■ **What to produce**
Set the material down again exactly, line by line, skipping each picture.

━━━━━ Supplied information

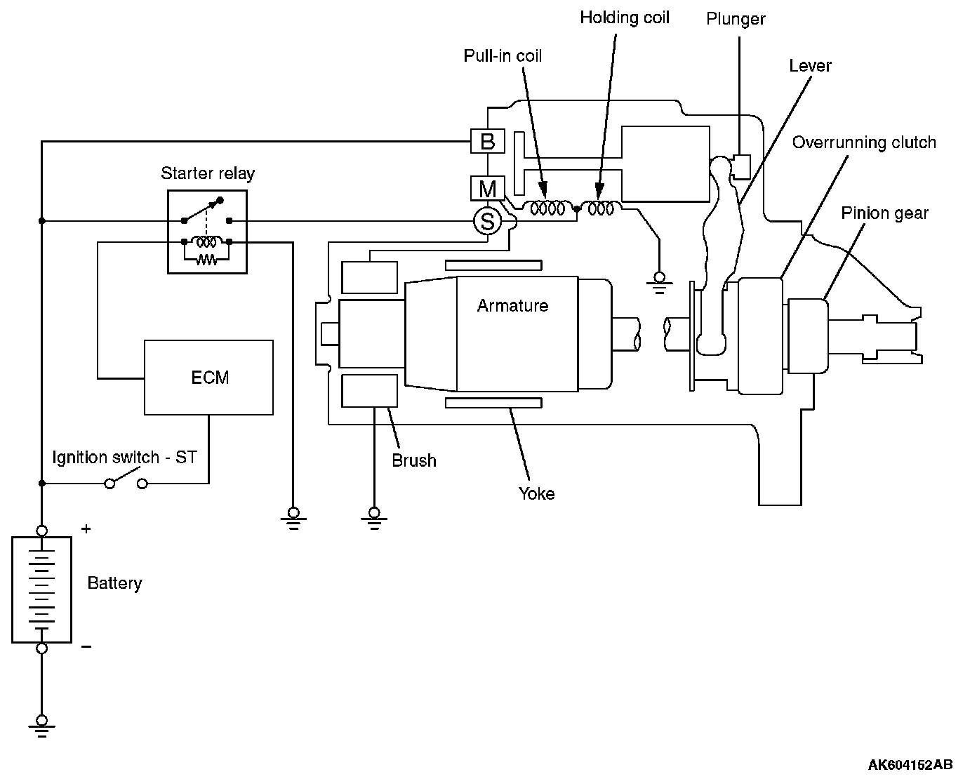 If the ignition switch is turned to the "START" position, current flows in the coil provided inside magnetic switch, attracting the plunger. When the plunger is attracted, the lever connected to the plunger is actuated to engage the starter clutch.
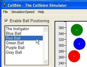 To position a ball in the arena, first set the CheckBox labeled "Enable Ball Positioning". Then in the ListBox, click the name of the ball that you wish to move. Then, move your mouse pointer to the arena. The ball selected will move with your mouse pointer around the arena. Left click with your mouse to set the ball position.
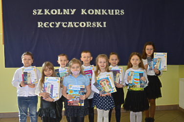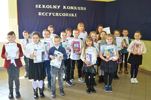 Wszyscy wyróżnieni uczniowie otrzymali nagrody książkowe i pamiątkowe dyplomy, natomiast pozostali uczestnicy konkursu otrzymali długopisy i zakładki do książek. Organizatorem konkursu była Ewa Gaze nauczyciel bibliotekarz w Zespole Szkół w Trzcinicy.
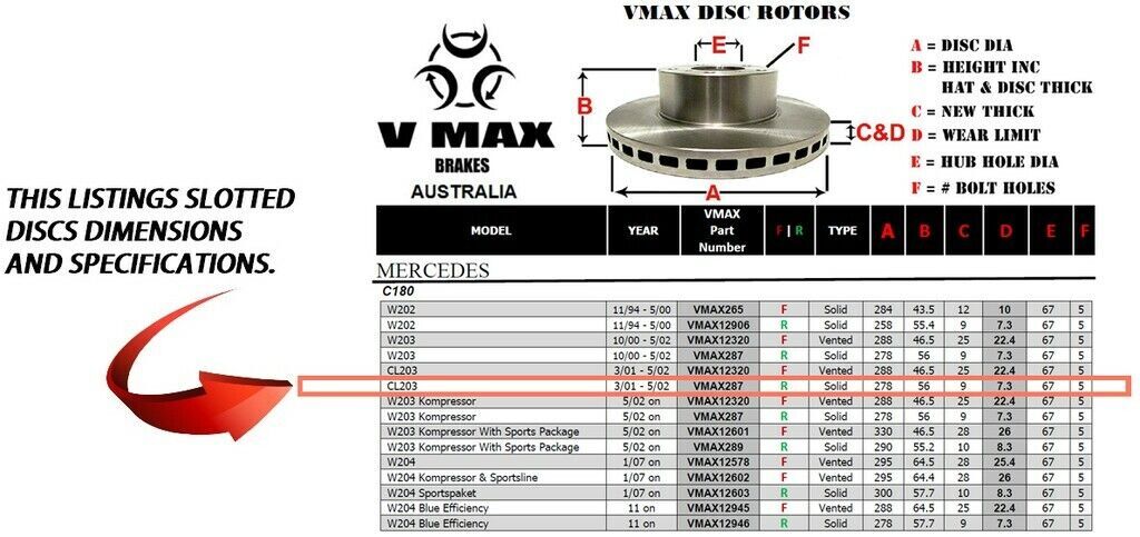 This sale is for a new pair (2 disc rotors) of Genuine VMAX Dimple Drilled & Slotted Performance Rear disc brake rotors to suit MERCEDES C180 CL203 models built 2001 till 2002 and are a direct replacement item.

━━━━━━━━━━

■ **Answer section**
 If the ignition switch is turned to the "START" position, current flows in the coil provided inside magnetic switch, attracting the plunger. When the plunger is attracted, the lever connected to the plunger is actuated to engage the starter clutch.
 To position a ball in the arena, first set the CheckBox labeled "Enable Ball Positioning". Then in the ListBox, click the name of the ball that you wish to move. Then, move your mouse pointer to the arena. The ball selected will move with your mouse pointer around the arena. Left click with your mouse to set the ball position.
 Wszyscy wyróżnieni uczniowie otrzymali nagrody książkowe i pamiątkowe dyplomy, natomiast pozostali uczestnicy konkursu otrzymali długopisy i zakładki do książek. Organizatorem konkursu była Ewa Gaze nauczyciel bibliotekarz w Zespole Szkół w Trzcinicy.
 This sale is for a new pair (2 disc rotors) of Genuine VMAX Dimple Drilled & Slotted Performance Rear disc brake rotors to suit MERCEDES C180 CL203 models built 2001 till 2002 and are a direct replacement item.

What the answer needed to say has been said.